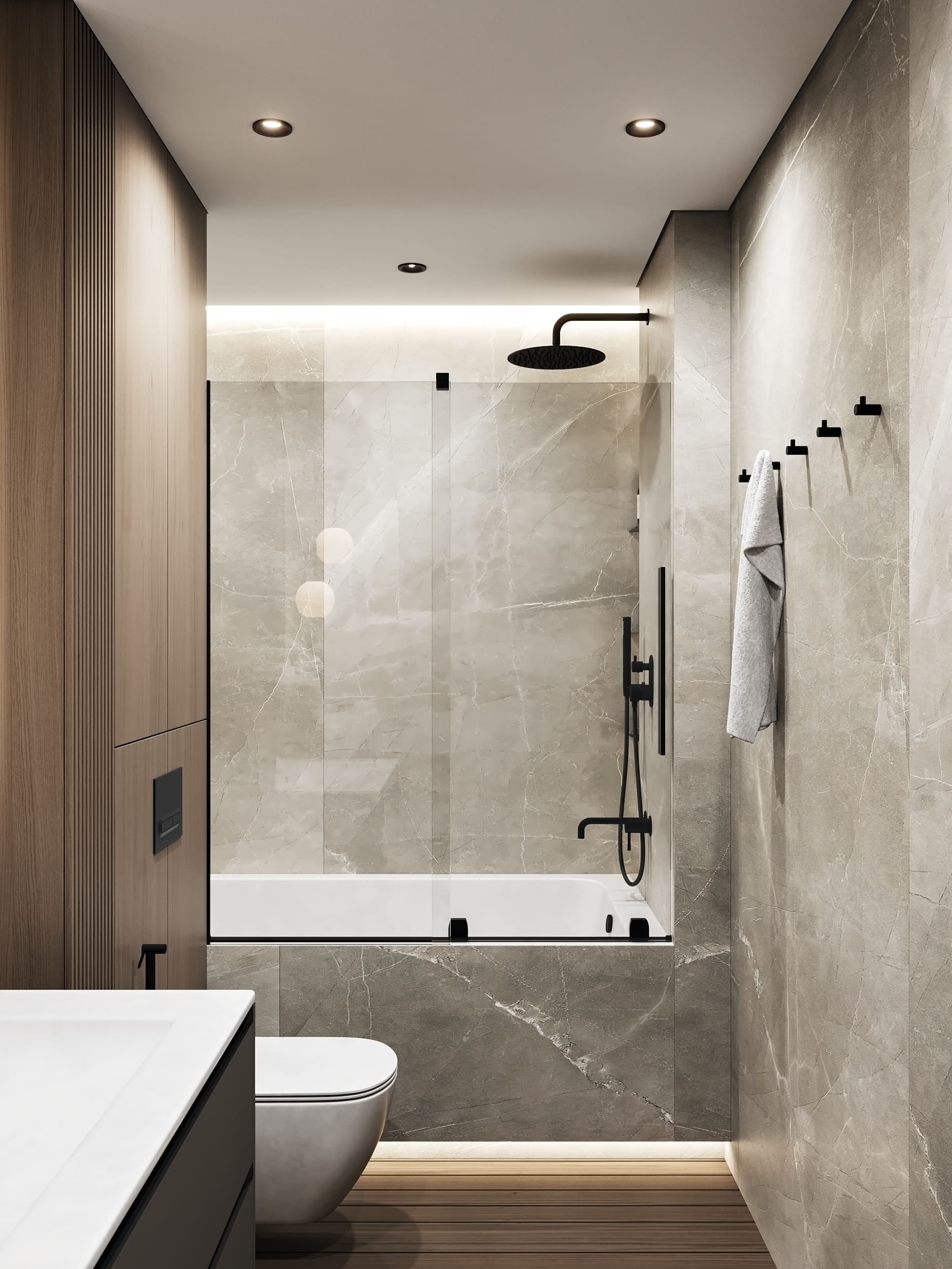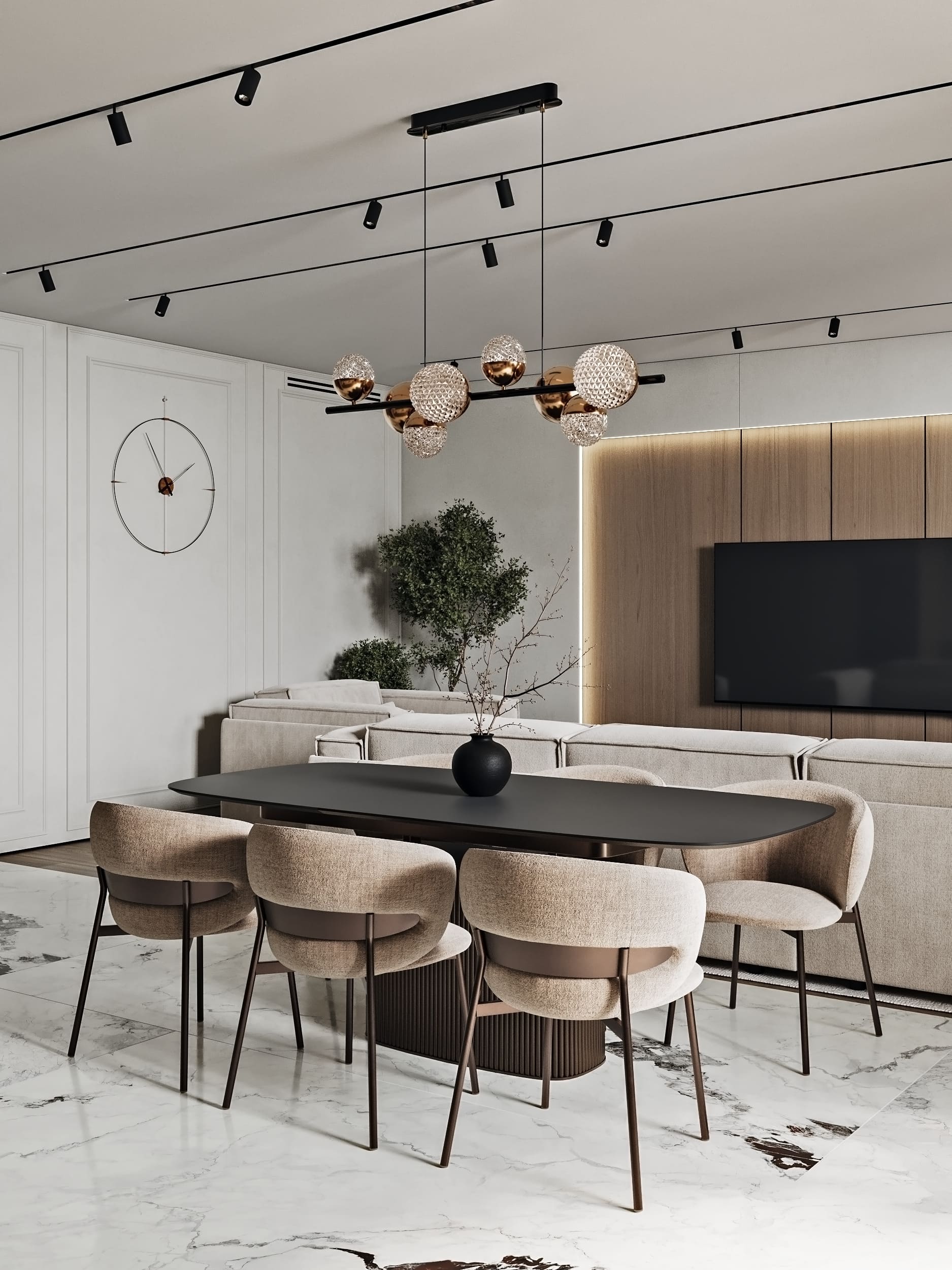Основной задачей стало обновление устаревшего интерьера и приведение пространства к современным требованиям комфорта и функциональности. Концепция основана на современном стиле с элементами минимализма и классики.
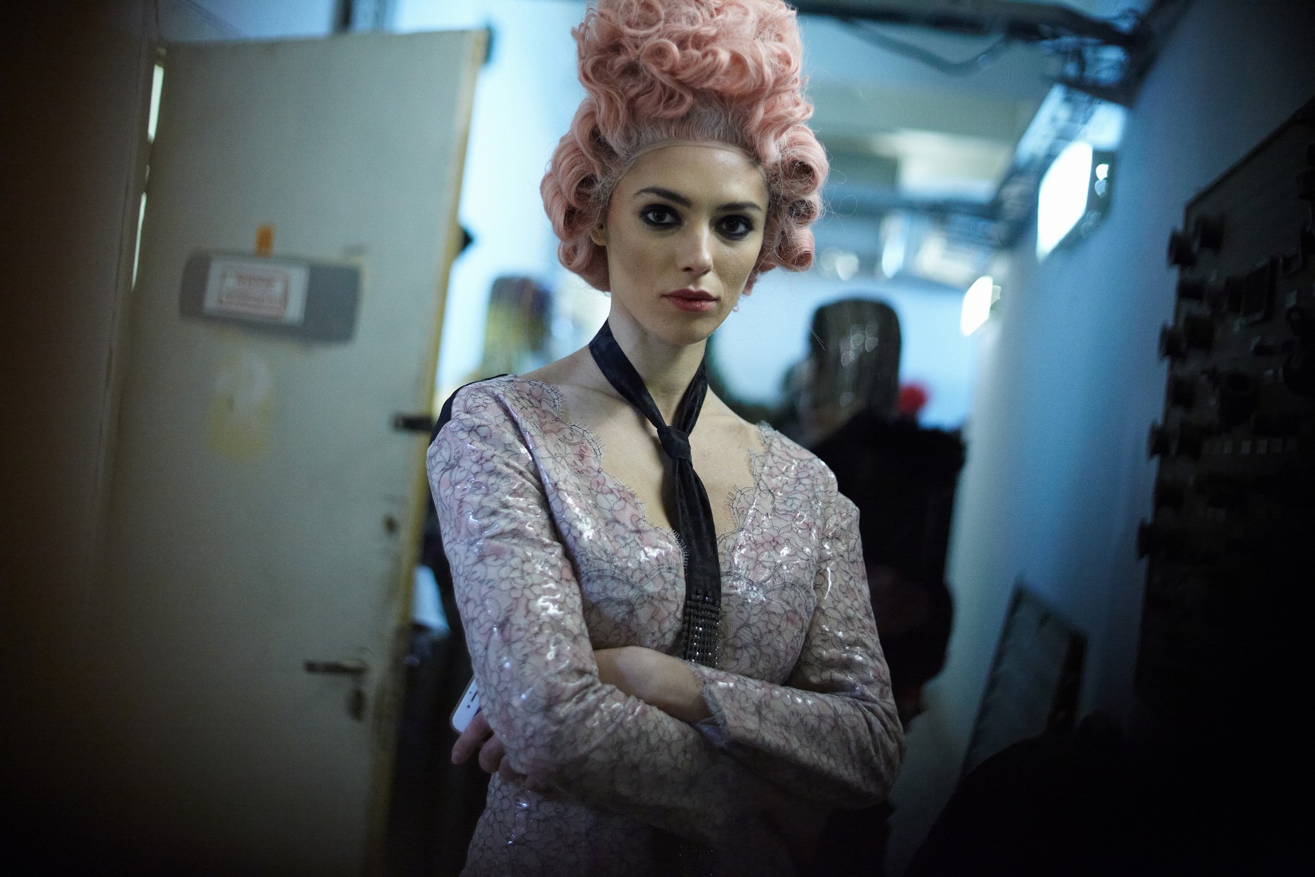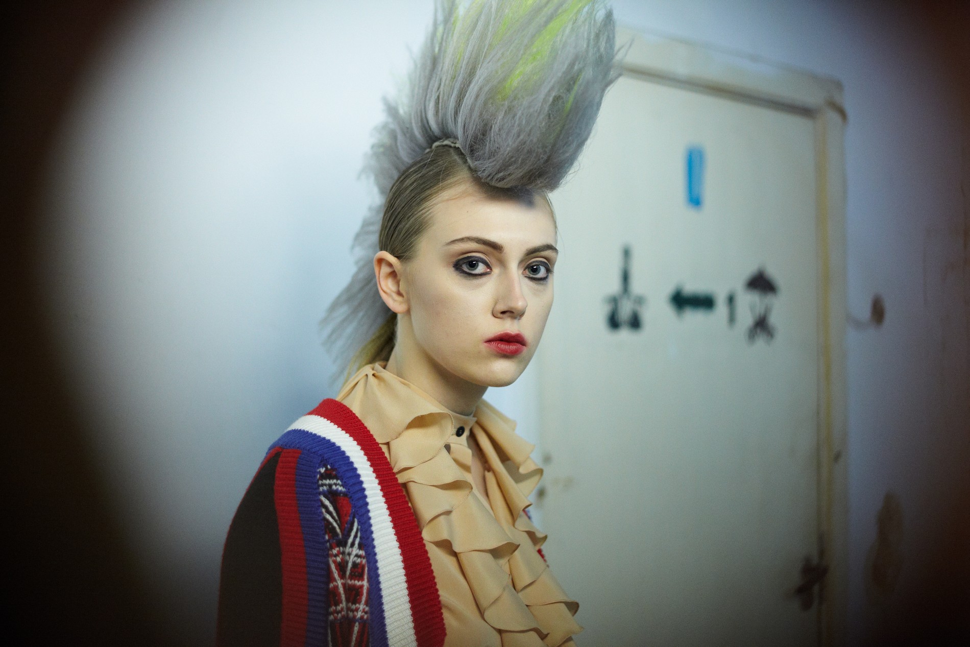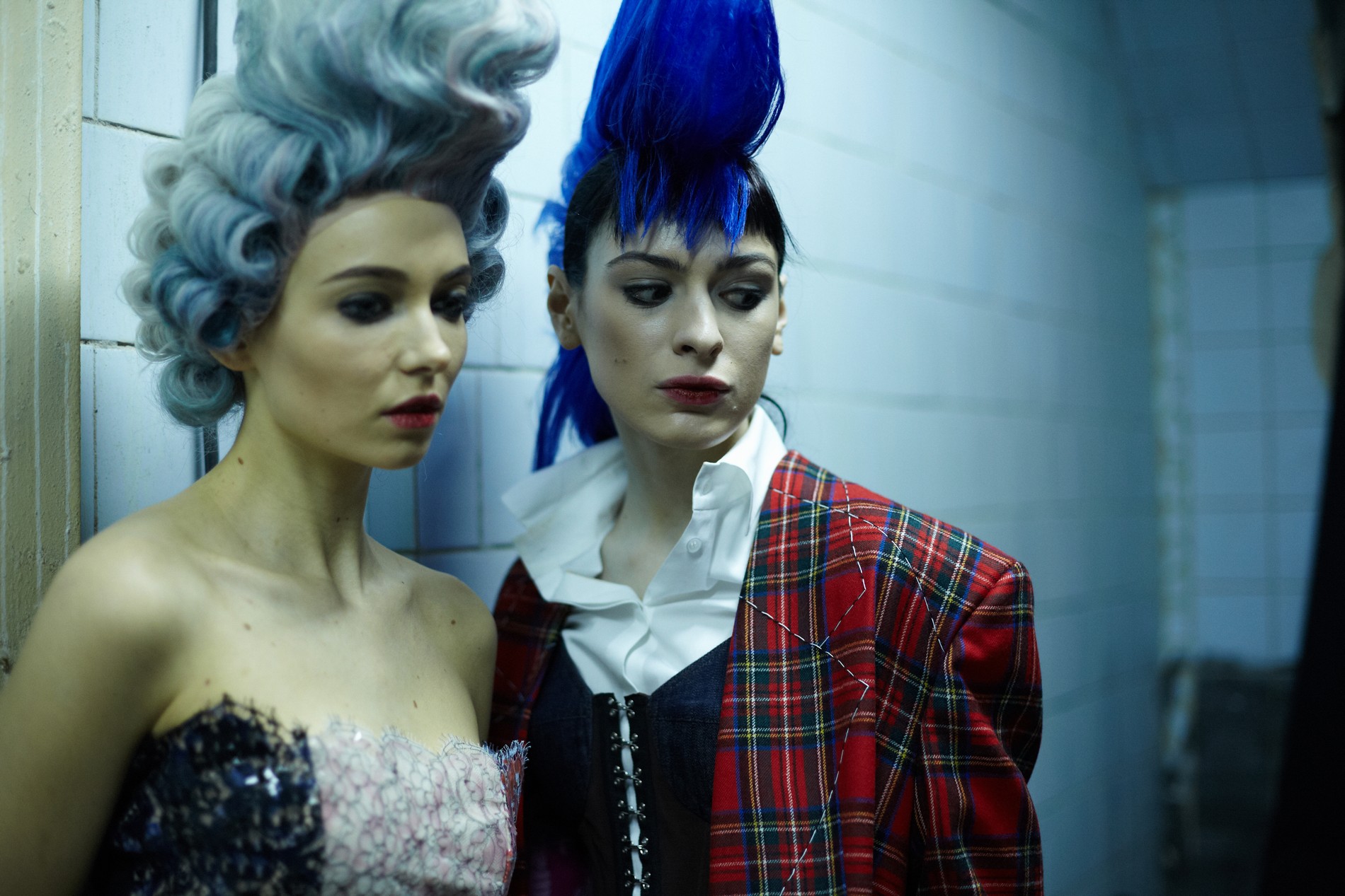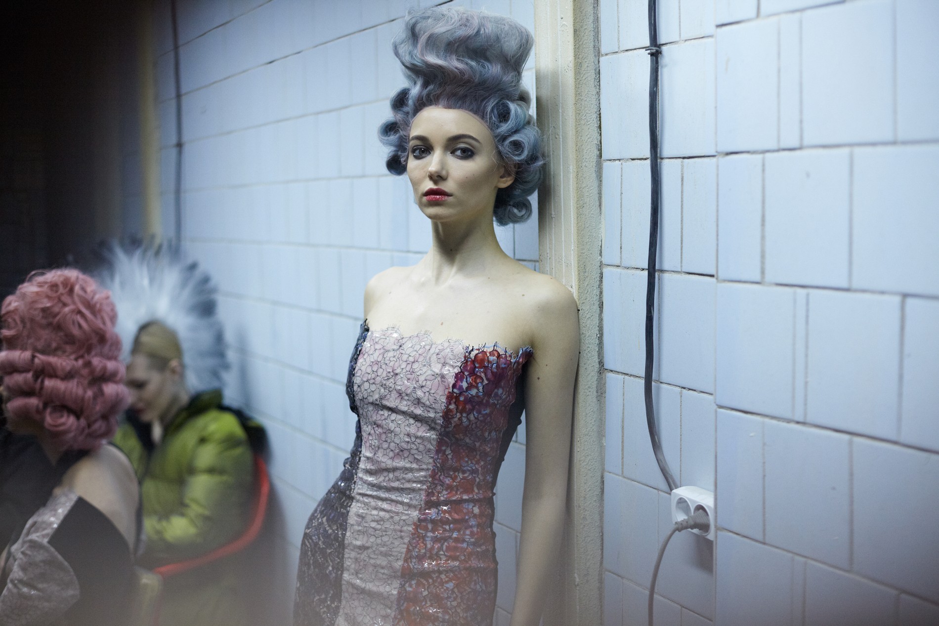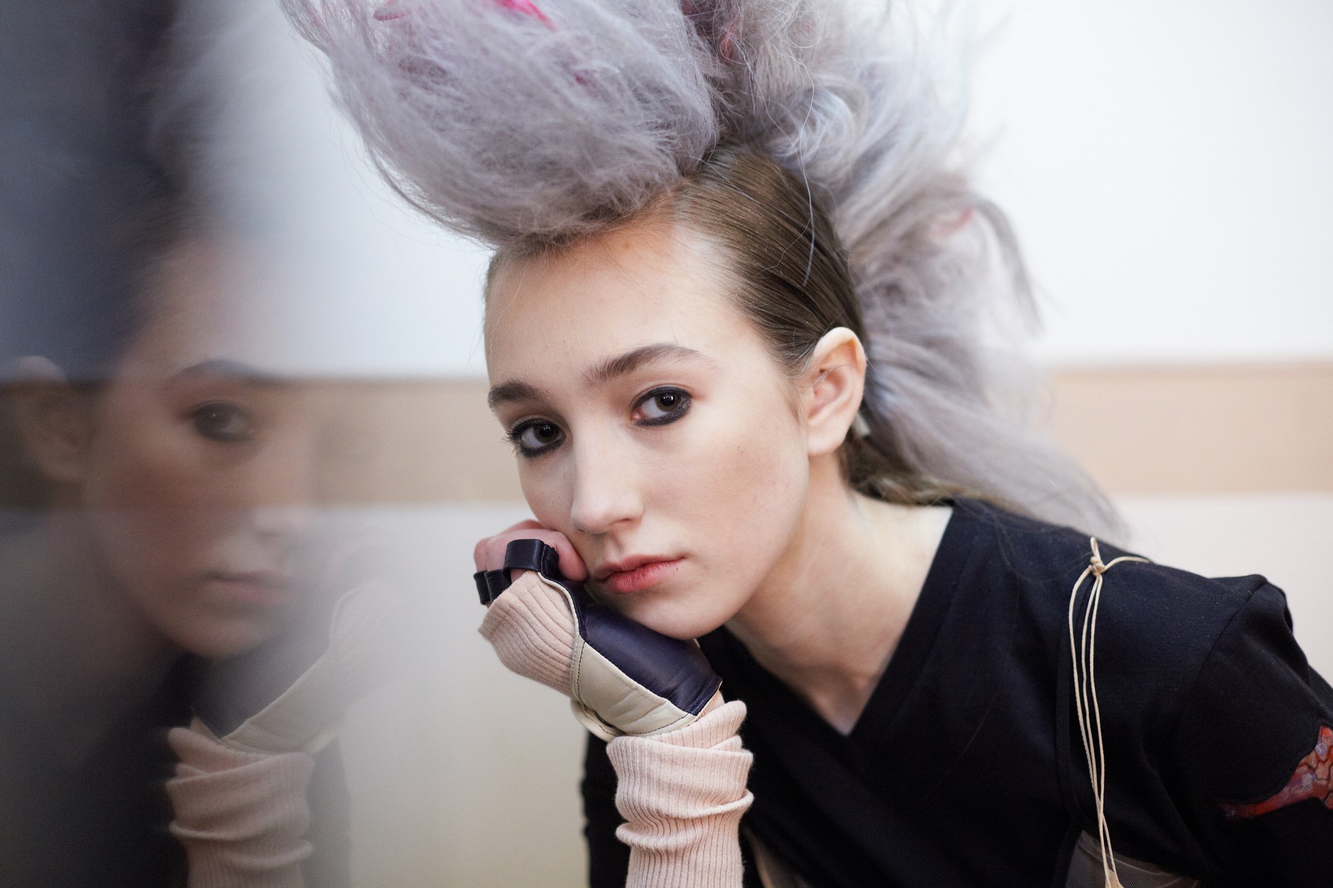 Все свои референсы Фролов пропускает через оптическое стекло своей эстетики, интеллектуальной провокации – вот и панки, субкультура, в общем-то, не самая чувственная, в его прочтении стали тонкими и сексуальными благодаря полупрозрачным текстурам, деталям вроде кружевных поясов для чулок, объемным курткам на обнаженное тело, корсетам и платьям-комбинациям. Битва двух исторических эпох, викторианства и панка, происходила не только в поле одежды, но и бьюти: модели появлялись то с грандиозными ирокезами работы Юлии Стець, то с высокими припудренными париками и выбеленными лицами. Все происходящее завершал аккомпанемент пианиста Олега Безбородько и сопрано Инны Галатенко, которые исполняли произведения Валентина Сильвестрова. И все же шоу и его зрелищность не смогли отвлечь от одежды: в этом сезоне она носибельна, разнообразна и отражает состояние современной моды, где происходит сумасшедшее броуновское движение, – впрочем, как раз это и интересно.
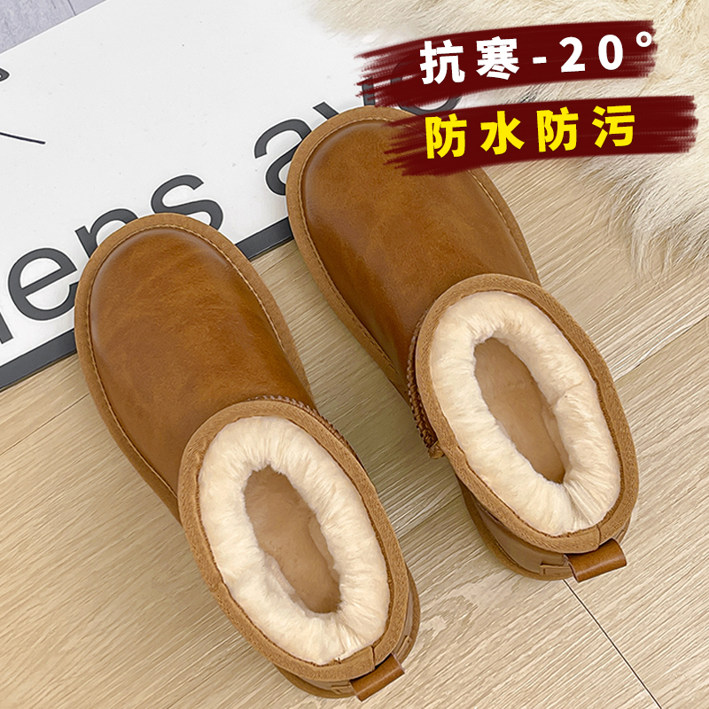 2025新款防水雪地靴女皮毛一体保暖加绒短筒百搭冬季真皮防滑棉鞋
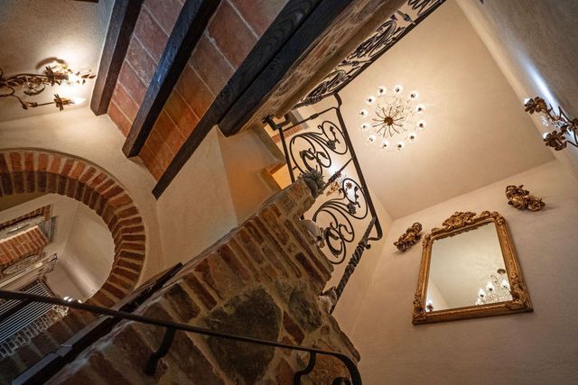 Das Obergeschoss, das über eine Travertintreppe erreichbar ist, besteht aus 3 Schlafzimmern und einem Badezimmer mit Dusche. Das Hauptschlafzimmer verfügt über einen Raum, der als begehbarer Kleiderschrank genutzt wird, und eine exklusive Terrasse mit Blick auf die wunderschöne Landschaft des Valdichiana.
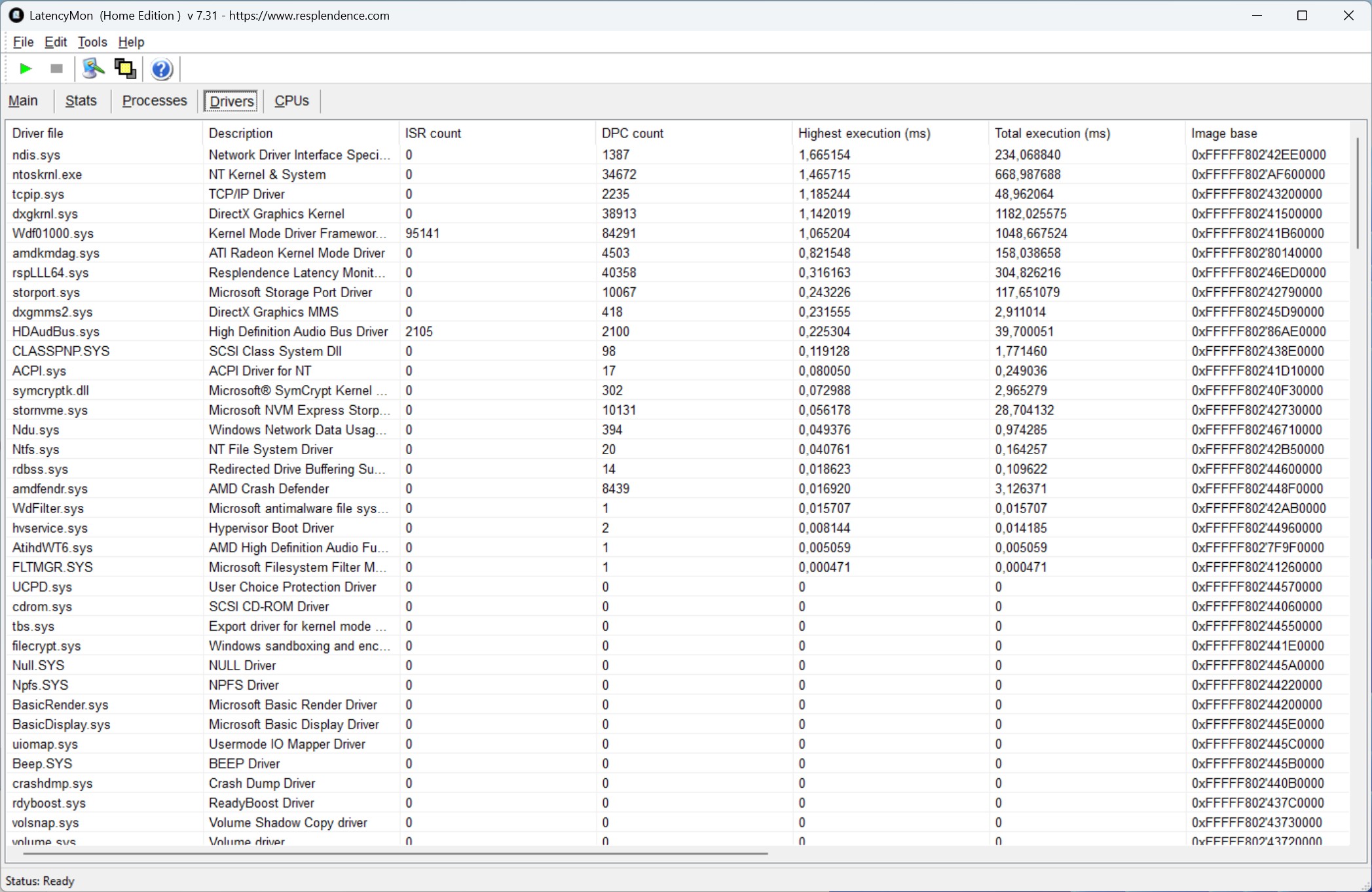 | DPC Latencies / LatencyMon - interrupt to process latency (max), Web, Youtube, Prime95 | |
..............................
:: BRIEF ::
Write out the entries above in full and exactly; no pictures.

:: RESULT OF THE EXERCISE ::
Основной задачей стало обновление устаревшего интерьера и приведение пространства к современным требованиям комфорта и функциональности. Концепция основана на современном стиле с элементами минимализма и классики.
 Все свои референсы Фролов пропускает через оптическое стекло своей эстетики, интеллектуальной провокации – вот и панки, субкультура, в общем-то, не самая чувственная, в его прочтении стали тонкими и сексуальными благодаря полупрозрачным текстурам, деталям вроде кружевных поясов для чулок, объемным курткам на обнаженное тело, корсетам и платьям-комбинациям. Битва двух исторических эпох, викторианства и панка, происходила не только в поле одежды, но и бьюти: модели появлялись то с грандиозными ирокезами работы Юлии Стець, то с высокими припудренными париками и выбеленными лицами. Все происходящее завершал аккомпанемент пианиста Олега Безбородько и сопрано Инны Галатенко, которые исполняли произведения Валентина Сильвестрова. И все же шоу и его зрелищность не смогли отвлечь от одежды: в этом сезоне она носибельна, разнообразна и отражает состояние современной моды, где происходит сумасшедшее броуновское движение, – впрочем, как раз это и интересно.
 2025新款防水雪地靴女皮毛一体保暖加绒短筒百搭冬季真皮防滑棉鞋
 Das Obergeschoss, das über eine Travertintreppe erreichbar ist, besteht aus 3 Schlafzimmern und einem Badezimmer mit Dusche. Das Hauptschlafzimmer verfügt über einen Raum, der als begehbarer Kleiderschrank genutzt wird, und eine exklusive Terrasse mit Blick auf die wunderschöne Landschaft des Valdichiana.
 | DPC Latencies / LatencyMon - interrupt to process latency (max), Web, Youtube, Prime95 | |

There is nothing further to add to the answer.